That’s how Lake Superior State University selected words and phrases that make up its 30th annual List of Words Banished from the Queen’s English for Mis-Use, Over-Use and General Uselessness.

A svelte word banishment committee, fresh from a low-carb diet, said the process of selecting this year’s words was an amazing journey through hundreds of nominations.

“We’re über-serious about this list,” said one committee member, who noted the committee would issue its list through a traditional press release rather than using a blog or webinar.

LSSU has been compiling the list since 1976, choosing from nominations sent from around the world. This year, words and phrases were pulled from more than 2,000 nominations. Most were sent through the school’s website: www.lssu.edu/banished (http://www.lssu.edu/banished).

Word-watchers pull nominations throughout the year from everyday speech, as well as from the news, fields of education, technology, advertising, politics, and more. A committee gathers the entries and chooses the best in December. The list is released on New Year’s Day.

The complete 2005 list (and more!) follows:

BLUE STATES/RED STATES – Who’s who, anyway? “I remember when I was a kid and Georgia was purple,” says Peter Pietrangelo, Sault Ste. Marie, Mich. “A good map has more than two colors.”

FLIP FLOP/FLIP FLOPPER/FLIP FLOPPING – They belong at the beach, not in a political dialogue. “Republicans used it; Democrats used it back. Flip-flop back and forth it goes.” – Jeff Lewis, Ada, Mich.

BATTLEGROUND STATE – “During an election, every state is a battleground.” -- Austin White, West Hartford, Conn.
“Did it mean Bush and Kerry would go toe-to-toe?” – Evan Cornell, Ligonier, Penn.

“… AND I APPROVE THIS MESSAGE” – Received the most nominations of the words and phrases that came out of the presidential election. From political ads to auto parts…
“What started in political ads is spiraling out of control.” – Jim Blashill, Sault Ste. Marie, Mich.
“I’ve heard three local car commercials where the morons use that phrase!” – John Venezia, Colorado Springs, Colo. –“Would a political candidate approve a message they did not agree with?” – John Gorsline, Albuquerque, NM. “I’m Kristina and I approve this nomination.” – Kristina, Granite City, Ill.
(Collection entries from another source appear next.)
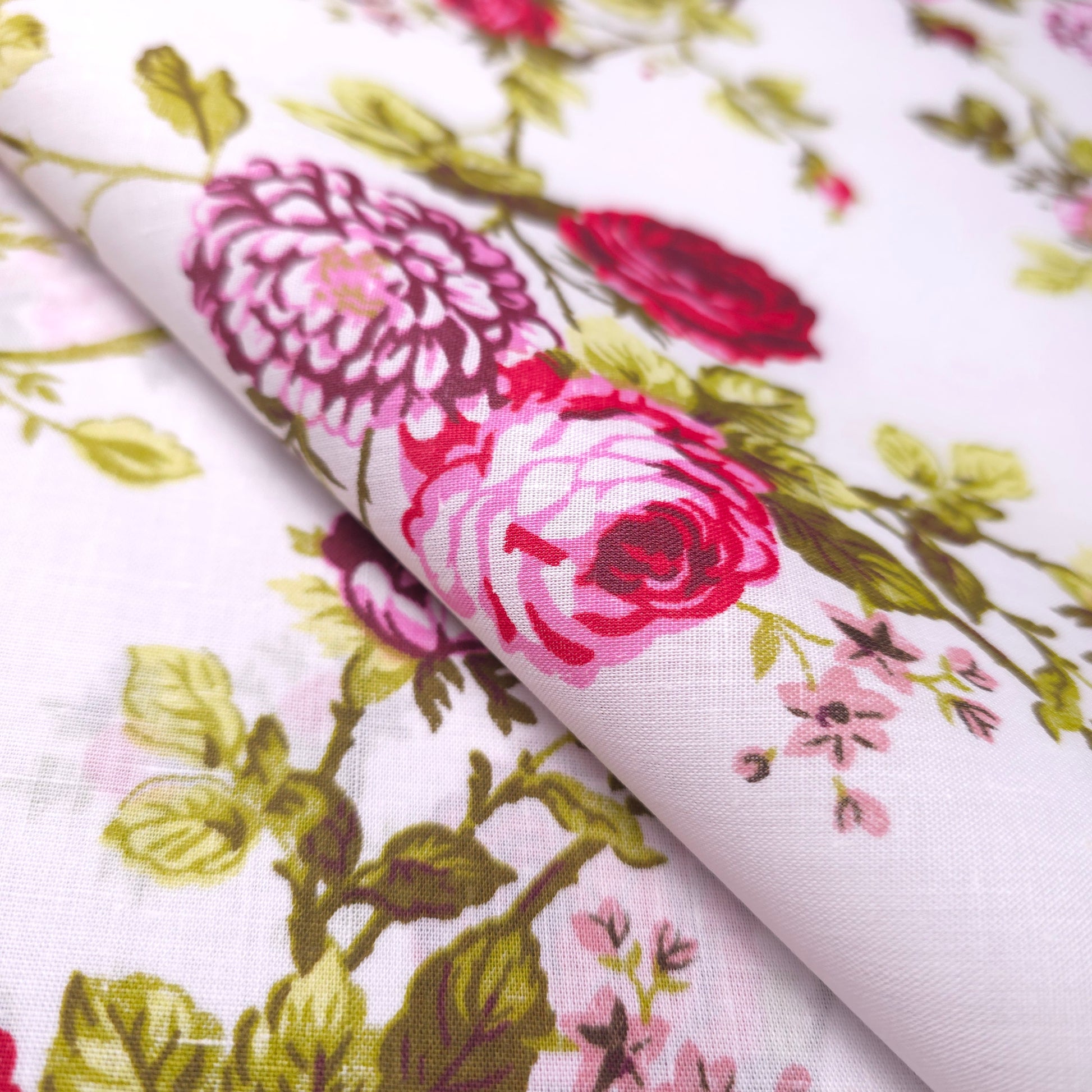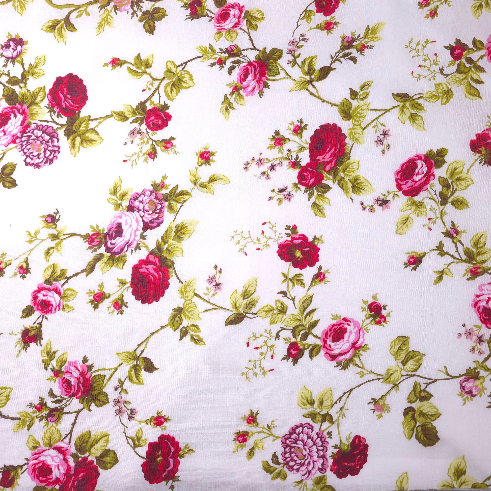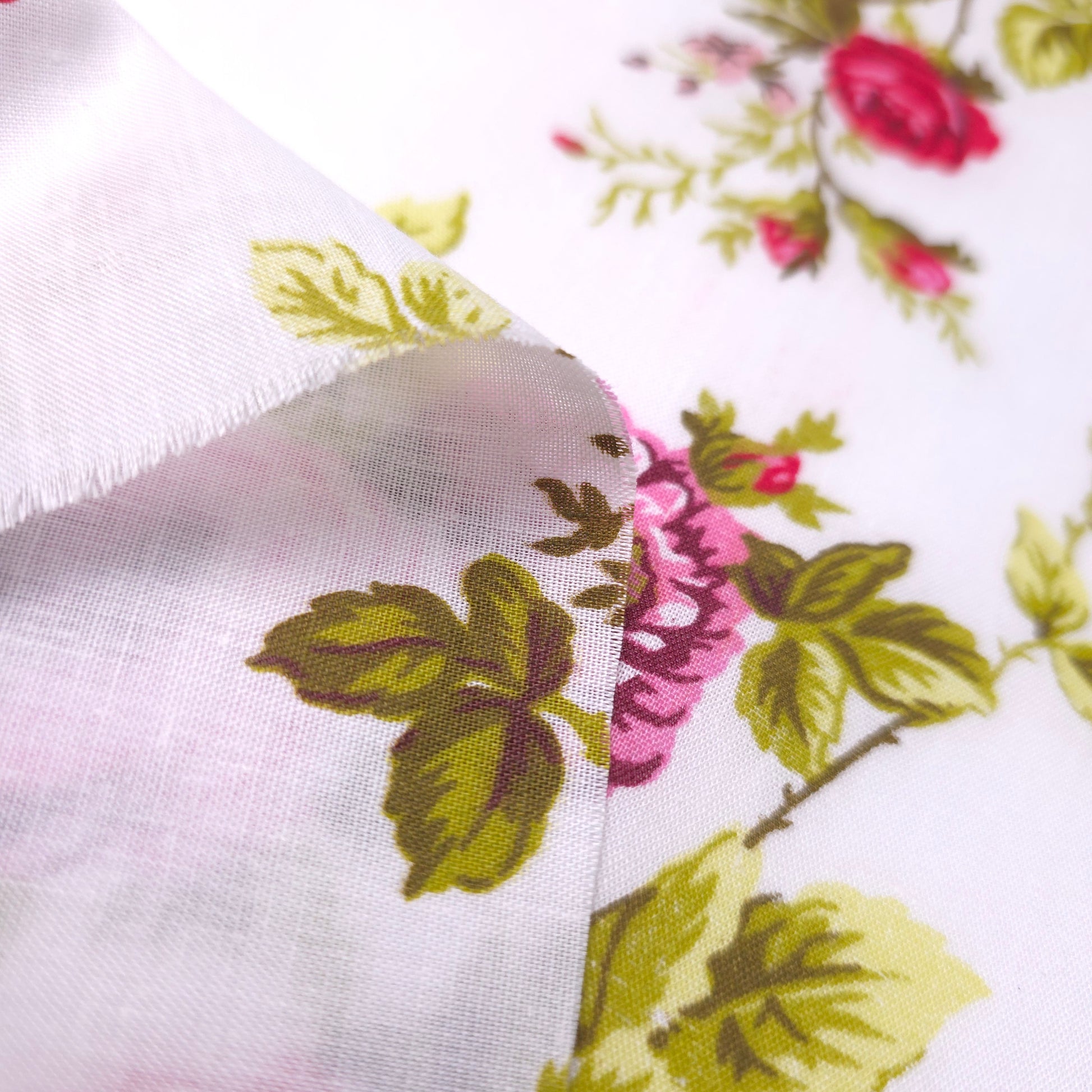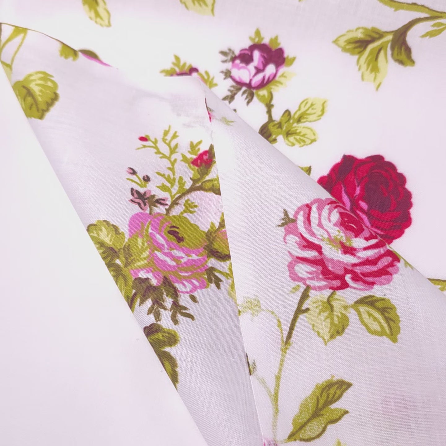 This fabric displays elegant vine-stemmed roses in vibrant ruby red accompanied by green leaves set against a clean white background. Made from a lightweight blend of 50% cotton and 50% polyester, it offers both comfort and durability while resisting wrinkles for easy care.
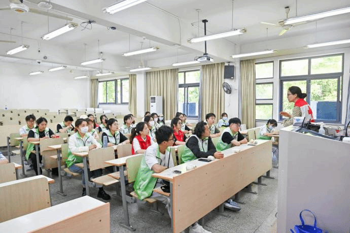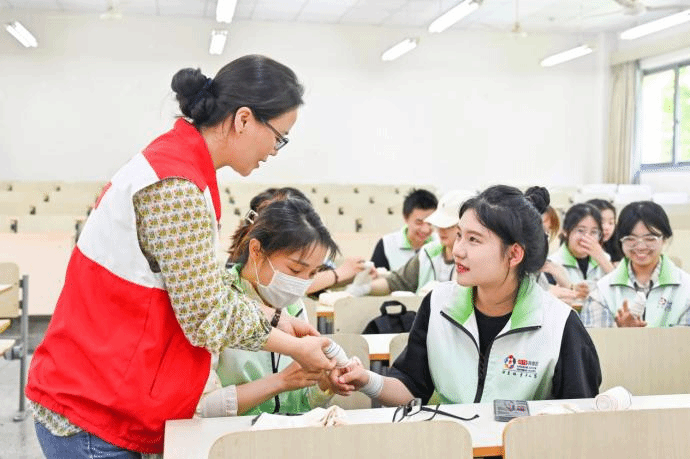 本次培训分为线上基础知识学习测评和线下实操培训。由临安红十字会老师逐一讲解各类创伤救护、胸外按压、人工呼吸等急救理论与施救技巧,并现场实操绷带、三角巾包扎等方法,并教授志愿者如何应对和处理一些比赛场上的突发情况,在有效的抢救时间内进行现场救护。在老师生动、形象的演示讲解下,同学们认真听讲,详细记录,积极互动。
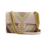 シャネル パッチワーク 12番台 ラムスキン チェーンショルダーバッグ ゴールド シルバー CCマーク 斜め掛け シルバー金具 中古 送料無料

POCKETS OF RESISTANCE – “Are we talking about someone not buying a round of drinks or people shooting at each other?” – Rob of Crawley, West Sussex, UK.
“Sounds like someone having trouble pulling their hands out of their pants pockets.” – Joe Hutley, Las Vegas, NV.

IMPROVISED EXPLOSIVE DEVICE – As opposed to what used to be referred to as a bomb or mine. “Is this anything like a bomb or is it more (or less) sinister?” – Harold Blackwood, Sault Ste. Marie, Ontario.

ENEMY COMBATANT – “Makes no sense. Do we have friendly combatants? Neutral combatants? Or how about enemy bystanders? If they are your enemy, just say so.” – Bill Sellers, Hampton, Va.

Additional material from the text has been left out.